Number of 330 ohm resistors to be attached in parallel in order to carry 20 ampere current on a 220 volt line.

Calculation:

Let the number of resistors required be "n".So, net resistance of Circuit will be :

$\dfrac{1}{R} = \dfrac{1}{330} + \dfrac{1}{330} + .... \: n \: times$

$= > \dfrac{1}{R} = \dfrac{n}{330}$

$= > R = \dfrac{330}{n}$

Applying Ohm's Law:

$\therefore \: V = I \times R$

$= > \: 220 = 20 \times \dfrac{330}{n}$

$= > \: \dfrac{330}{n} = 11$

$= > \:n = \dfrac{330}{11}$

$= > \: n = 30 \: resistors$

So, final answer is

$\boxed{ \sf{ \: n = 30 \: resistors}}$

Answer 2

Question:-

How many 330 ohm resistor in parallel are required to carry 20 ampere on 220 volt line?

Answer:-

We know, when n resistors are connected in parallel, their Equivalent Resistance is given by

$\boxed{\sf{\frac{1}{{R}_{eq}}\:=\:\frac{1}{{R}_{1}}\:+\:\frac{1}{{R}_{2}}\:+\:...+\:\frac{1}{{R}_{n}}}}$

Here each resistors are of 330 ohm and there are n such resistors connected in parallel.
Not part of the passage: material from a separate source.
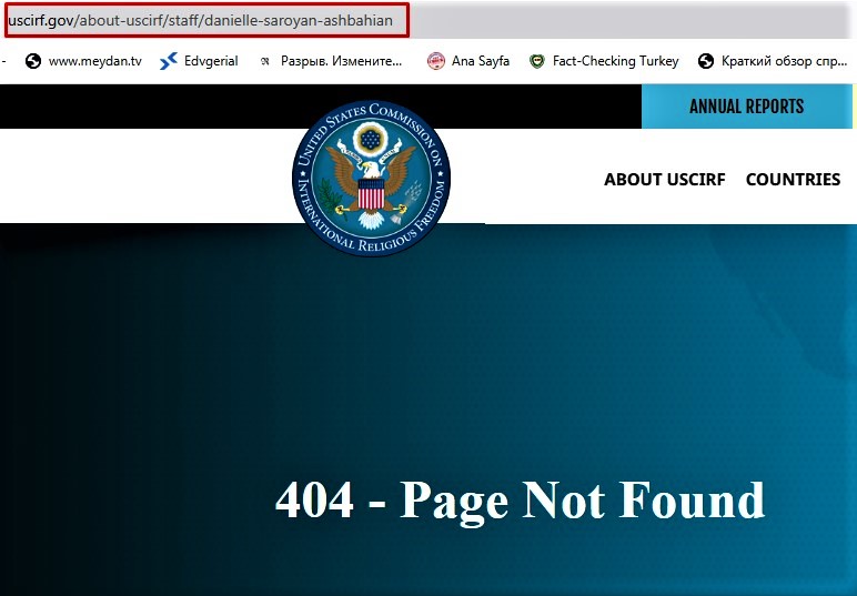 However, there is an important point we believe should be noted. The section of the report pertaining to Azerbaijan was prepared by Danielle Saroyan Ashbahian, Chief of Public and Congressional Relations at the U.S. Commission on International Religious Freedom. She has also worked at the U.S. Consulates in Los Angeles and San Francisco, as well as in Lebanon.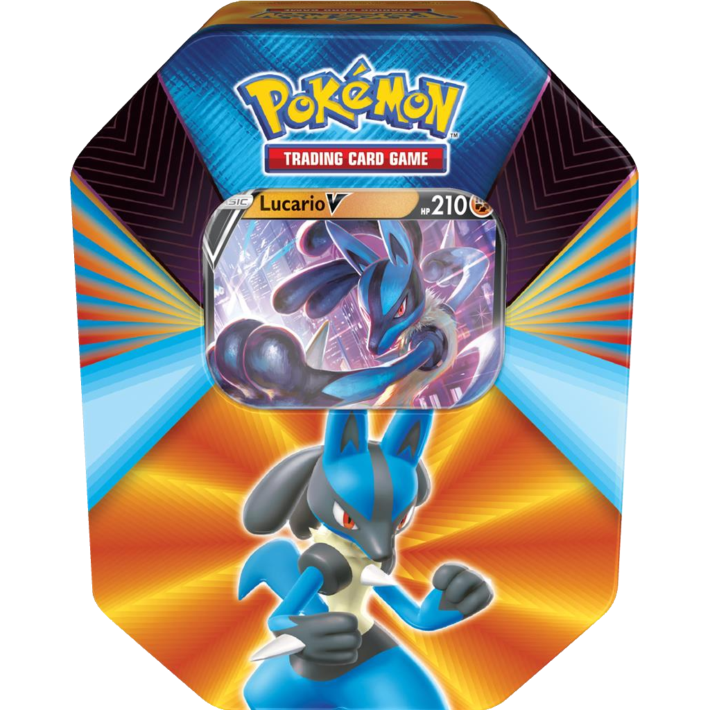 De Pokémon V Forces Tin is beschikbaar in de varianten Slowbro, Lucario en Mew.

So their equivalent resistance:

$\large{\sf{\frac{1}{{R}_{eq}}\:=\:\frac{1}{330}\:+\:\frac{1}{330}\:+\:...\:+\:(n\:times)}}$

$\implies\large{\sf{\frac{1}{{R}_{eq}}\:=\:\frac{n}{330}}}$

$\implies\large{\sf{\frac{{R}_{eq}}{1}\:=\:\frac{330}{n}}}$

$\implies\large{\sf{{R}_{eq}\:=\:\frac{330}{n}\ohm}}$

And by Ohm's law

$\sf{\boxed{V\:=\:I\:*\:{R}_{eq}}}$

Here, given V = 220V, and I = 20A

$\implies\large{\sf{220\:=\:20\:*\:\frac{330}{n}}}$

$\implies\large{\sf{\frac{11}{330}\:=\:\frac{1}{n}}}$

$\implies\large{\sf{n\:=\:30\: resistors}}$

Ans. n = 30 resistors